Wicked Secrets (Men of Discovery Island 3)
Page 35
“When you mentioned keeping secrets, I didn’t know this was what you had in mind.”
* * *
HOLY. WOW.
Mia brushed past him into the house, even though there was plenty of room for her to avoid the full body contact. She was clearly making a point of her own with that possessive little smack. He grinned. He’d return that particular favor at the soonest, most public opportunity possible. She was full of surprises today. He had no idea why she was jonesing to look at houses, but whatever.
Then, because some things had to be said, he hollered the words after her.
“Taking your nickname to new levels, Sergeant Dominatrix?”
After all, he’d just crawled butt-first in front of the woman wearing leaves on his ass. He’d abandoned all claims to dignity somewhere around the point where he’d kissed her holding a kitten and wearing vegetation.
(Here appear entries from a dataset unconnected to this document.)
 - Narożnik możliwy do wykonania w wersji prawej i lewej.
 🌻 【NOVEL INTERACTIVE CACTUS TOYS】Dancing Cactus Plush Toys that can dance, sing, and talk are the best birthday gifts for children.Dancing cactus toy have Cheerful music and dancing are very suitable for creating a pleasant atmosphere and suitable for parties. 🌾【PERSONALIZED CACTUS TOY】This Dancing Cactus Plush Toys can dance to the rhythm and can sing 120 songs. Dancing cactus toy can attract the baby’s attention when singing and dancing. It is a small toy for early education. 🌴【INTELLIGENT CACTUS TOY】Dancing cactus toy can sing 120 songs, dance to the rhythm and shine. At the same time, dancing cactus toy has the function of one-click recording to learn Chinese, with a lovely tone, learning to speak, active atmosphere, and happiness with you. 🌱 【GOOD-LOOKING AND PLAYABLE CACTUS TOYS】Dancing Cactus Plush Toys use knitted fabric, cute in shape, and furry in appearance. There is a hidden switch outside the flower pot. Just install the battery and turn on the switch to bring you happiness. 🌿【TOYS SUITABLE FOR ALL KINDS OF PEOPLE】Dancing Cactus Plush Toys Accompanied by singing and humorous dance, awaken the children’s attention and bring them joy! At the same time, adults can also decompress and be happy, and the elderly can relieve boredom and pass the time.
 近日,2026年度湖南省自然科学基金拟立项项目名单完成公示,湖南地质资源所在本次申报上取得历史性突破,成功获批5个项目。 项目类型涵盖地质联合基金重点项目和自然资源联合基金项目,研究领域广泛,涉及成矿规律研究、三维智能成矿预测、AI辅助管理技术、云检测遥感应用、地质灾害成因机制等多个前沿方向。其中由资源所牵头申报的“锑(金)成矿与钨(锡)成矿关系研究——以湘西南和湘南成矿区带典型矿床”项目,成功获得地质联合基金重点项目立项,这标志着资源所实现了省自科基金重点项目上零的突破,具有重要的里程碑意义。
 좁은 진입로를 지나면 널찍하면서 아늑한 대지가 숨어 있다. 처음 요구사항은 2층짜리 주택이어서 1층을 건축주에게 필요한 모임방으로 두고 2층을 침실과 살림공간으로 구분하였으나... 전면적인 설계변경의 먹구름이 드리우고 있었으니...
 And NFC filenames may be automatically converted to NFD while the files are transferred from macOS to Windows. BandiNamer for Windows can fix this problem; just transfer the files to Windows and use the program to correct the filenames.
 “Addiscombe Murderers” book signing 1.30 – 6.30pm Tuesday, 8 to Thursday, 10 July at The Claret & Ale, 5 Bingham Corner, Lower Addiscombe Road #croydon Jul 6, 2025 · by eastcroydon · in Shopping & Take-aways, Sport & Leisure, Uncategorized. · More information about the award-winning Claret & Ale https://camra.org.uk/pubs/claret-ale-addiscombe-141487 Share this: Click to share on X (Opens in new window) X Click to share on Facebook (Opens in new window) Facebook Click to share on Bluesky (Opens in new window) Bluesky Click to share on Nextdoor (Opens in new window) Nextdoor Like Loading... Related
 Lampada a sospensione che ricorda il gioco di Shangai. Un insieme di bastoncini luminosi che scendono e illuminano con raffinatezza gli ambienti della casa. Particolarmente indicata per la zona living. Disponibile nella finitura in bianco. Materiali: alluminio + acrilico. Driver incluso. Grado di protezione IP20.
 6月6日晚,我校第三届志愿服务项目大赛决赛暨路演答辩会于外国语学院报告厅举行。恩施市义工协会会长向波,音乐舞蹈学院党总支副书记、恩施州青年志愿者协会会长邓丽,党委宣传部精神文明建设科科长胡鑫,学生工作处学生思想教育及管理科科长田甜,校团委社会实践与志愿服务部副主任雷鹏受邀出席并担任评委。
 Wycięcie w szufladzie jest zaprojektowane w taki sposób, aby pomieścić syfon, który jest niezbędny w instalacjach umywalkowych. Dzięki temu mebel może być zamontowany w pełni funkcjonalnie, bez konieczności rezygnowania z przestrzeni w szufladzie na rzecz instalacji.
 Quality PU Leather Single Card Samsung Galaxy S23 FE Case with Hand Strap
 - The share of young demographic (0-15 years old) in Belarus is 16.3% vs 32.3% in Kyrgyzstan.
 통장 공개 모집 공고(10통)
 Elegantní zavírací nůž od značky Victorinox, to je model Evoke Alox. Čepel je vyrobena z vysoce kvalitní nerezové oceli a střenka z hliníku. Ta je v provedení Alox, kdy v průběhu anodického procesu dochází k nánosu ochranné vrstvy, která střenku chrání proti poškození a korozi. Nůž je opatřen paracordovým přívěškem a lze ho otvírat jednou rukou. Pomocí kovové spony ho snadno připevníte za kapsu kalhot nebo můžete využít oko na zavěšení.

She paused, her foot on the bottom stair.
This would be good. He shouldn’t tease her, because the name wasn’t nice, and nicknames could be cruel. Still, she was the one who had smacked his ass. She had some responsibility here. The only question was: Did she have a sense of humor hiding under her crusty exterior?
“You didn’t want to play house?”
He heard the words come out of her mouth, but nothing about them computed. He had a bad feeling he blinked at her like a fish out of water.
“Mommy and Daddy? Doctor? No, wait.” She made a face. “We haven’t done that one yet. Later.”
Yeah. Like he had a frame of reference for that. He’d been one of those boys growing up, the kind who was a magnet for trouble. He’d created makeshift swords and lances from whatever he found. Sticks, the cardboard tubes from the Christmas wrapping paper—anything long and remotely straight. Duct tape had been his best friend, and he’d spent hours feinting and parrying. Since the window had closed on being a medieval warrior—unless he hauled his butt out to Vegas and joined the dinner show circuit at Excalibur—and there weren’t any job openings for ninjas, either, he’d decided when he was twelve that he would become a Marine. Or a Navy SEAL. A Green Beret. Israeli Special Forces. His twelve-year-old self had been fuzzy on national identity, but long on fighting for a good cause.
“Is that what we were doing?”
“Hey, you proposed to me. I was just getting into the spirit of things.”
“You smacked my butt,” he growled, because he couldn’t think about actually being married to this woman right now. He should have explained to her that he’d blurted out an excuse, that there was nothing real about their engagement except...it didn’t feel fake. It felt right.
“Baby, just wait until tonight.” Her grin lit up her face. “I expect you to come bearing gifts.” She waggled her ring finger at him. Ah, yes. He’d just called her his fiancée in front of the island’s biggest gossip. There was no chance in hell the Realtor wasn’t tweeting her big scoop from one of the upstairs bedrooms. If he was lucky, she hadn’t snapped a picture of their kiss.
Mia turned and disappeared into what had once been the dining room. The only recognizable part of its former eatery status was a dust-wreathed chandelier dripping those diamond-like crystal thingies. It was certainly sparkly, tossing sunlight around the room. As far as he was concerned, it was just a room, but Mia wandered in with a look of rapture on her face. A look pretty damn close to the one she wore when she came for him. Imagine that. He’d been put in his place by a chandelier.
Time to check on his rescues. He fell back to the front porch and the cat carrier, whose occupants were happily taking a nap. Scooping out a kitten, he lifted the squirming bundle. Definitely a boy and a kindred soul. “We’re in so much trouble here, buddy.”
With typical feline indifference, the kitten mewed and wriggled, wanting down or possibly even teleportation out of his hand and back under the porch. Damned if he knew what it wanted, which also seemed to be his usual state of affairs around Mia. The kitten he could fix. He popped it into the carrier with its companions.
Announcing their engagement had been an impulse. He had no idea where those words had come from, but he’d better do some damage control.
Need to give you a heads up, he texted Cal. He’d be seeing the other man soon, but texting seemed simpler than face-to-face conversation.
Hit me.
He could imagine Cal kicked back on the boat or in his own fixer-upper house he was so in love with. The man relished knocking down walls and rehabbing.